Work item: Reproduce exactly, and only, the lines of the material below running from the line bearing "Выложите половину подготовленных" through the line bearing "ルビーとダイヤモンドが施され". Leave any pictures out.

Source data:
════

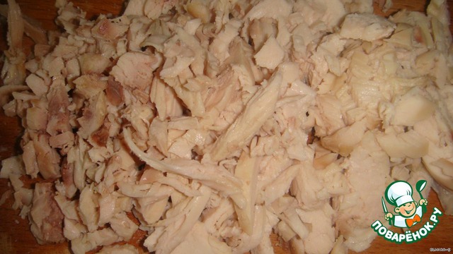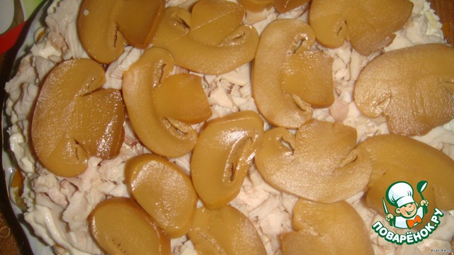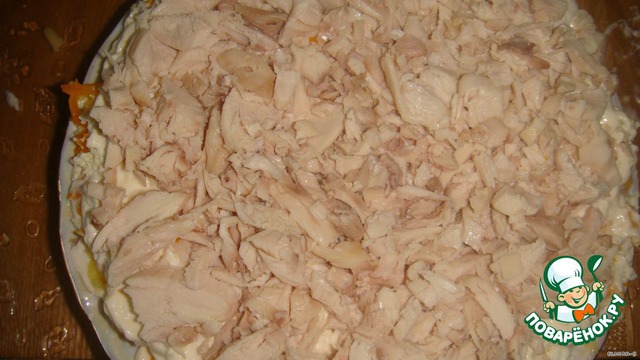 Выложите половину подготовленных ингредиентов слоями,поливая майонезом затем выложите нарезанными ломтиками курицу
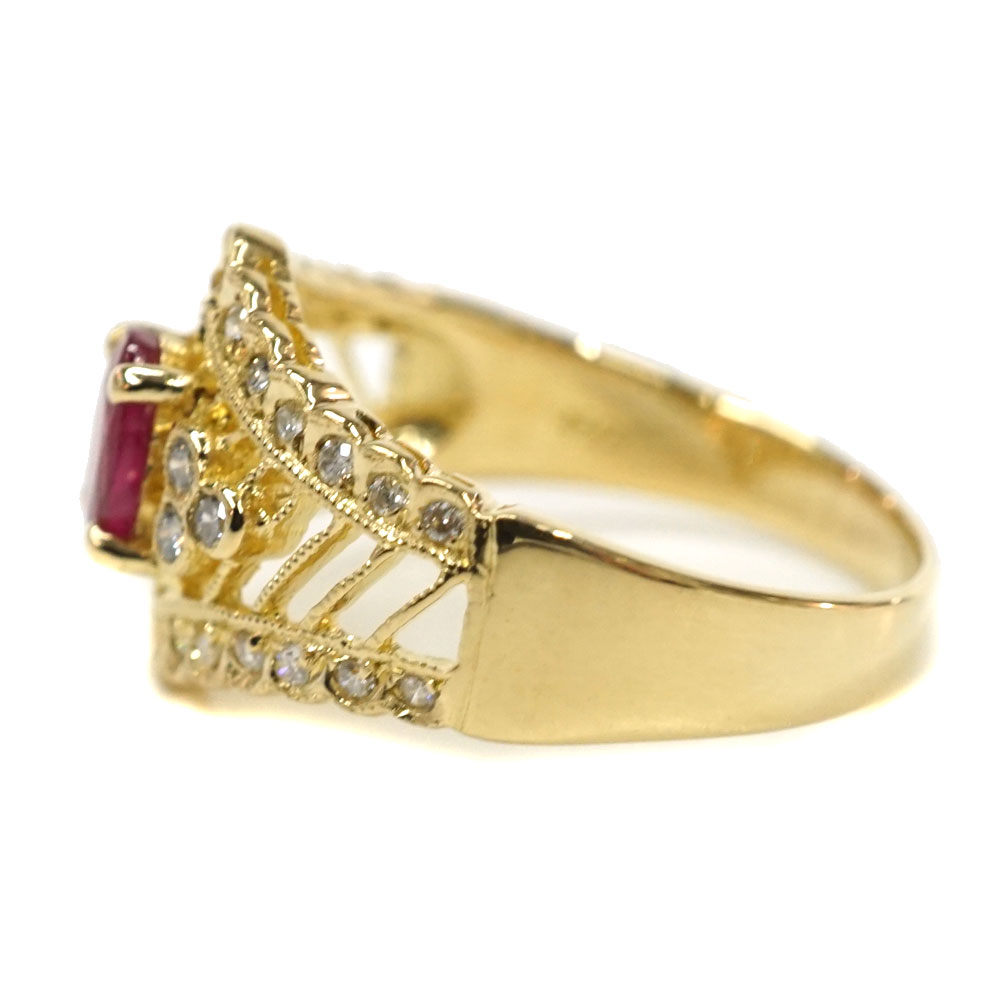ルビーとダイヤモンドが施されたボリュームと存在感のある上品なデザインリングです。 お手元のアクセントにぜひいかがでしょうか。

════

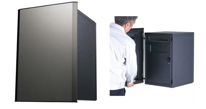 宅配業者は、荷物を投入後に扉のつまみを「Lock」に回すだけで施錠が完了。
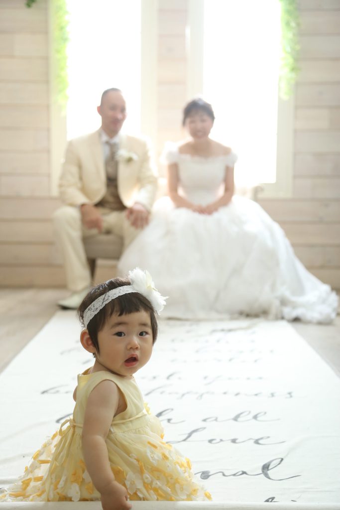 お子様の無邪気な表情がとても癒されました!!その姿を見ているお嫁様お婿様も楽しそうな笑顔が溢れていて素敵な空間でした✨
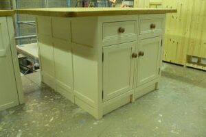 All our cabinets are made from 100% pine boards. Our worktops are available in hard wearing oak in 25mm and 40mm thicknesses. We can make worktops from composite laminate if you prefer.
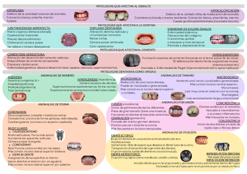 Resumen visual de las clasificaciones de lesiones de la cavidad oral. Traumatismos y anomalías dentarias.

════

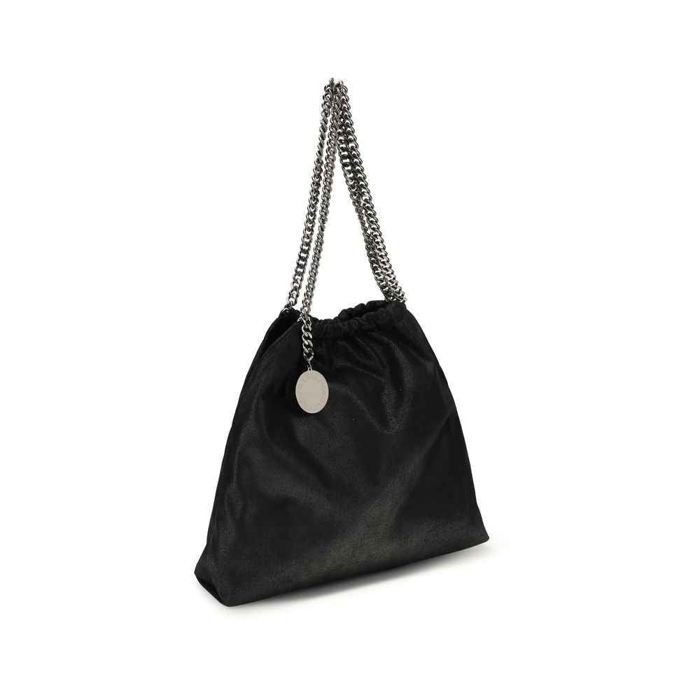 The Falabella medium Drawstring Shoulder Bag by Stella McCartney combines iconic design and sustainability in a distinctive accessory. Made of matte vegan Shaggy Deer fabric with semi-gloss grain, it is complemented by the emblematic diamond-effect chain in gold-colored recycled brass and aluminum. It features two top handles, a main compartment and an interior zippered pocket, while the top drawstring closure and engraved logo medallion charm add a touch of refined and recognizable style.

════

Your response:
 Выложите половину подготовленных ингредиентов слоями,поливая майонезом затем выложите нарезанными ломтиками курицу
ルビーとダイヤモンドが施されたボリュームと存在感のある上品なデザインリングです。 お手元のアクセントにぜひいかがでしょうか。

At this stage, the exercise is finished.